Strathclyde University spells out its commitment to Europe in its mission statement, which states its aim of being “a dynamic top-ranking European university dedicated to excellence through its core mission of promoting useful learning”.
It has been identified as an “entrepreneurial university” by higher education guru Burton Clark and is a founding member of the European Consortium of Innovative Universities.
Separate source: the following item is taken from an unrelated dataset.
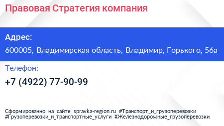 Правовая Стратегия, компания по адресу 600005, Владимирская область, Владимир, Горького, 56а в дальнейшем Организация, размещена в следующих категориях: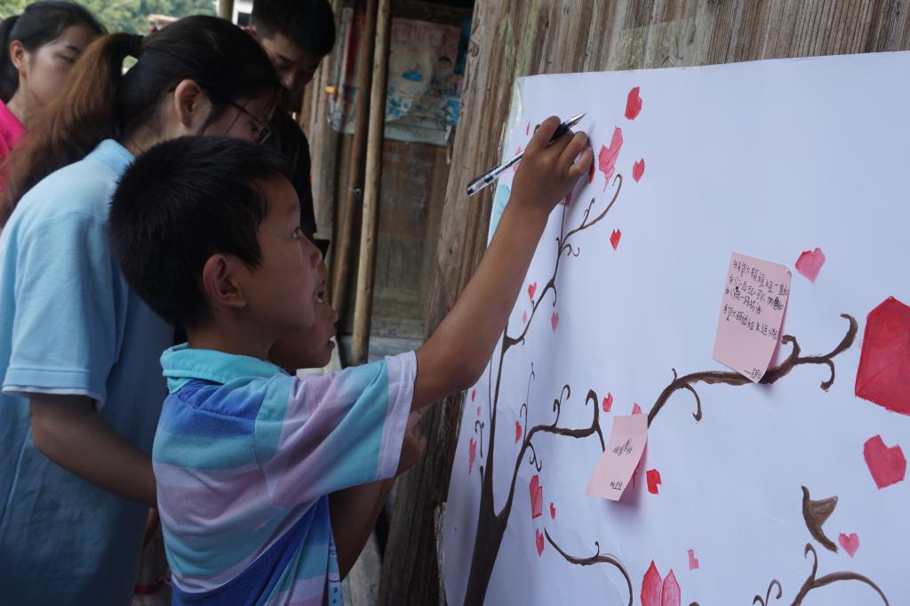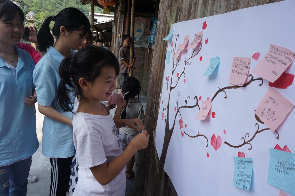 为了更好地帮助这些孩子,太阳成集团tyc122ccvip定期给这里的孩子寄出爱心包裹。今年暑假,太阳成集团tyc122ccvip实践队成员们再次来到营盘村小学,开展了为期一周的教育关爱活动,其中为了更好地开展爱心包裹项目、了解孩子们的需求,实践队员们特地准备了“心愿树”活动。活动伊始,孩子们安静地坐在座位上,等待实践队员们为大家分发笔和纸。孩子们拿到笔后,实践队员在一旁耐心地与孩子们沟通,逐步引导孩子讲出自己的心愿,孩子们低头认真地在纸上写着自己的愿望。写好自己的心愿后,孩子们小心翼翼地将心愿纸贴到心愿树上,两只小手用力地将它粘在上面,期盼着他们的愿望能够早日实现。

The 12-member network, which includes only one other UK university, Warwick, is developing a graduate school.
Kenneth Miller, Strathclyde’s vice-principal for learning and teaching, says the Bologna Process is crucial in helping the consortium create programmes “at the right level with appropriate articulation”. It offers a means of developing joint masters programmes and eventually joint PhDs, he says.
Scotland is a European leader in terms of credit accumulation and transfer, having created a national system, the Scottish Credit and Qualifications Framework, which covers qualifications from basic education to postgraduate degrees.
The European Commission is keen to see a single system that covers both vocational education and training, and higher education; the SCQF already covers vocational and academic courses, in institutions and the workplace. “I think Scotland is ahead of the game and has influenced quite a lot of thinking about how the European Credit Transfer System can be delivered,” Professor Miller says. “The SCQF already provides for credit transfer, not just the rating of credit, which provides a level of mobility.”
There is widespread support in Scotland for the Diploma Supplement, information about the status of a graduate’s degree and how it meshes with further studies or a job. While Bologna does not regulate the length of degrees, Scotland’s four-year undergraduate degrees and one-year masters degrees are closer to the norm in other Bologna countries than to the norm in the rest of the UK. And although Bologna has no explicit requirement linking teaching and research, Scotland believes that the Scottish Executive’s insistence that a university carry out research sets the country in the European mainstream.
Some people’s eyes glaze over when “Europe” is mentioned because they assume it heralds a bureaucratic exercise, Professor Miller says. “But once they drill down below the language and see the reality, they recognise the importance of Bologna in supporting collaboration and ensuring student diversity. Scotland is probably as committed as anywhere to the Bologna Process.”